На площади у подножия Древа собралась толпа. Муравьи, пчелы, даже несколько жуков низшего ранга. Они не бунтовали. Они просто стояли и молча смотрели наверх, на ветви, где сидели обессиленные, похудевшие цикады. И это молчание было страшнее любого крика.
Сир Кастальный, бледный, с потухшими мембранами, выполз из своей камеры. Он увидел эту безмолвную толпу, эти тысячи пар глаз, полких не злобы, а вопроса. И он понял, что проиграл. Он попытался издать звук, любой звук. Из его горла вырвался лишь жалкий, сиплый писк, похожий на предсмертный хрип.
И тогда из толпы вышел тот, кого никто не замечал. Старый, подслеповатый жук-могильщик по имени Копр. Он всегда молчал. Его работа была тихой.
Он поднял голову и посмотрел прямо на Сира Кастального. Его голос был тих, скрипуч, но в звенящей тишине его услышали все.
«Я копал яму для умершего личинка, – сказал Копр. – И наткнулся на корень Древа. Он сгнил. Весь. Изнутри. Держится на одной коре».
Он не кричал. Он не обвинял. Он просто констатировал факт. И этот факт, прозвучавший в гробовой тишине, прозвучал громче любого гула цикад.
Началась паника. Но не разрушительная, а странная, тихая. Жуки-бюрократы метались, пытаясь издать указ против тишины, но указы тонули в безвоздушном пространстве. Муравьи перестали работать и сели, уставившись в землю. Кто-то заплакал.

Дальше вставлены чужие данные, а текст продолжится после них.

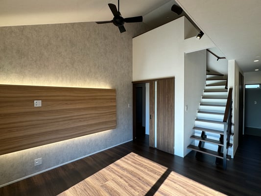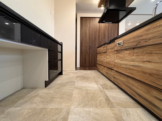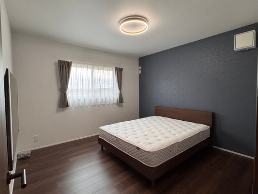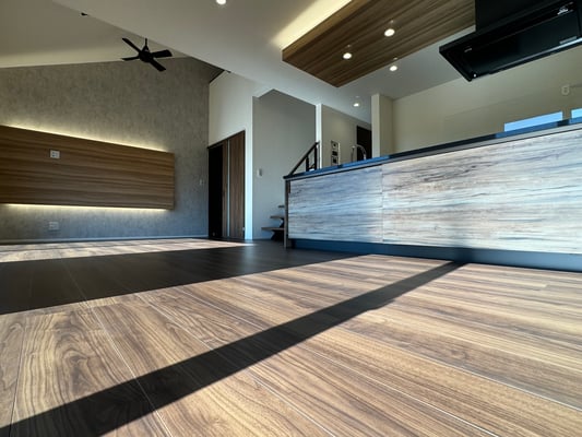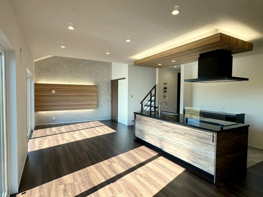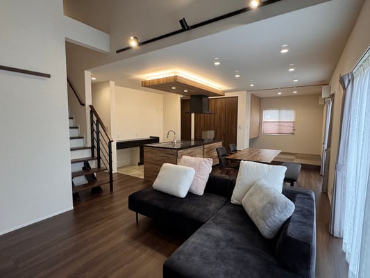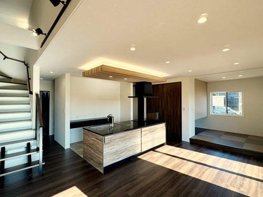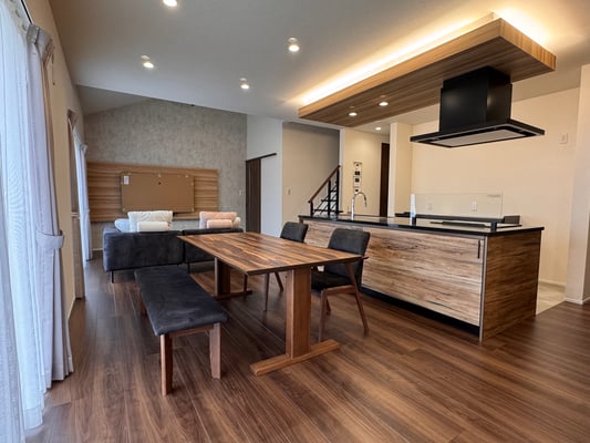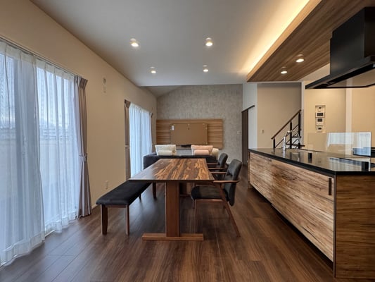 ダイニングとリビングが一体化した広々とした空間は、家族や友人が自然と集まり、笑顔があふれる場を作り出します。ウッド調の温かみあるフローリングと、キッチンのモダンなデザインが調和し、洗練された雰囲気を演出。また、大きな窓から差し込むたっぷりの自然光が、室内をさらに明るく快適にしています。

Власть не пала в один день. Не было штурма, не было революции. Просто система, лишенная звукового опиума, начала медленно и необратимо разваливаться, как то самое Древо. Цикады, обессиленные и ненужные, тихо умирали на своих ветках, став символом не силы, а великого обмана.

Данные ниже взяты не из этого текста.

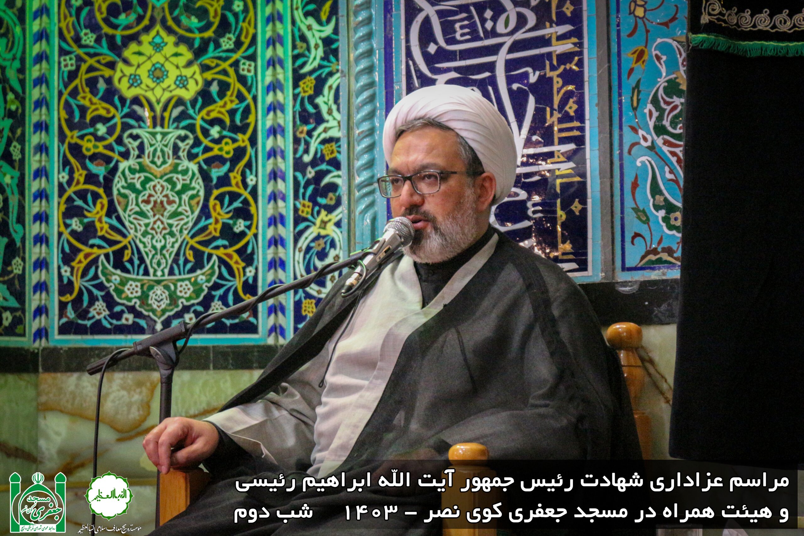 مراسم ترحیم و عزاداری بمناسبت شهادت آیت الله سید ابراهیم رئیسی و همراهان در مسجد جعفری کوی نصر تهران با حضور اقشار مختلف مردم و مسئولان شامگاه سه شنبه ۱ خرداد ماه ۱۴۰۳ برگزار شد.

Стридуля, ученица Сира Кастального, сидела на обломке ветки и смотрела на рушащийся миропорядок. Она была голодна, ее мембраны онемели. Но в ее голове, впервые за всю жизнь, было тихо. И в этой тишине она впервые услышала саму себя. И этот тихий, робкий внутренний голос был страшнее и прекраснее всего, что она когда-либо оглушала своим гулом.

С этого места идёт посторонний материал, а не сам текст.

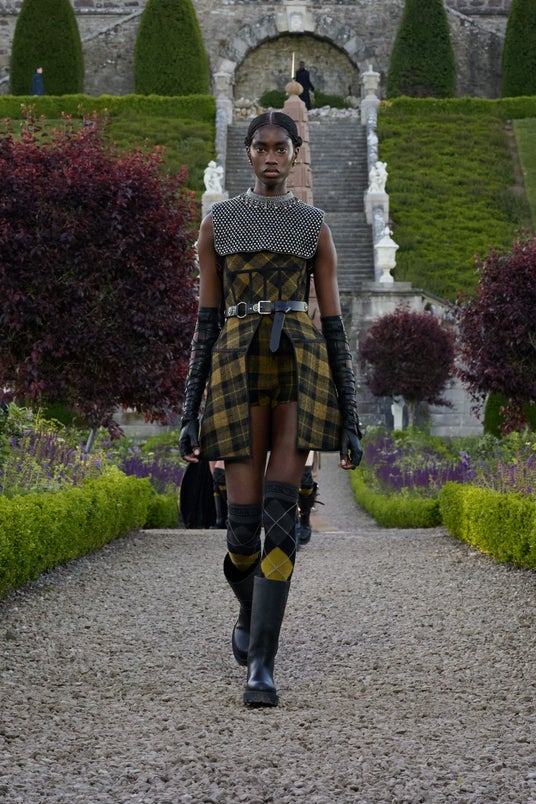 6月3日(月)にエディンバラのドラモンド城で発表された2025年クルーズ コレクション ショーではアウター・ヘブリディーズ諸島を原産地とする職人技で織られた織物 ハリス・ツイードがファーストルック含む数多くのルックを彩りました。100年以上の歴史を持つ風習と伝統に基づいたこのファブリックは、今日に至るまで、島に住む職人たちの独自ネットワークによって築き上げられ、それぞれの自宅で足踏み織機を使って織り上げられています。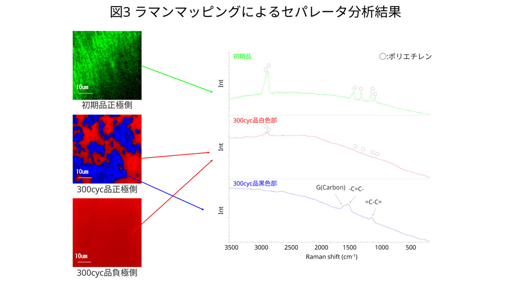 図3は電池から取り出したセパレータをラマンマッピングにより分析した結果です。初期品はポリエチレンのピークが明瞭に検出されています。

Империя Насекомых не исчезла. Она вступила в Эпоху Шепота. Эпоху, когда каждый звук имел вес, а каждая правда, даже самая горькая, была ценнее самой сладкой лжи. Древо Власти еще стояло, но теперь каждый знал, что внутри оно пусто. И это знание было новой, хрупкой и страшной свободой.
Фабрика героев
В Столице Единения, городе, выстроенном по линейке, с небом, покрашенным в утвержденный лазурный цвет, главной добродетелью была Вертикаль. Все было подчинено ей: стройные ряды домов-коробок, график работы, маршруты прогулок, даже рост деревьев, подстриженных в форме устремленных вверх стрел. На самой вершине Вертикали, в Золоченом Шпиле, обитал Отец-Блюститель, чей портрет висел в каждой комнате, в каждой конторе, в каждом сознании.
Общество делилось на Чистых и Служащих. Чистые – те, чьи предки стояли у истоков Вертикали. Они жили в Центральных Кварталах, носили одежду из струящегося гипюра и дышали воздухом, очищенным от «сомнительных примесей». Их дети учились в Академии Перспектив, где главным предметом было «Искусство быть опорой».
Служащие – все остальные. Они населяли Беспредельные Жиломассивы, носили униформу цвета уныния и питались пайковыми концентратами «Сила» и «Воля». Их жизнь была служением Идее Вертикали, символом которой был Гигантский Хрустальный Столб, возвышавшийся над площадью Согласия.
Но у любой системы, даже самой прочной, есть ахиллесова пята. Ей требовался Враг. Без Врага тускнели лозунги, рассыпалась в прах идея жертвенности, исчезал смысл Вертикали. Враг сплачивал. Враг оправдывал лишения. Враг позволял быть жестоким во имя добра.
Так родилось Министерство Игры, известное в народе как «Фабрика героев».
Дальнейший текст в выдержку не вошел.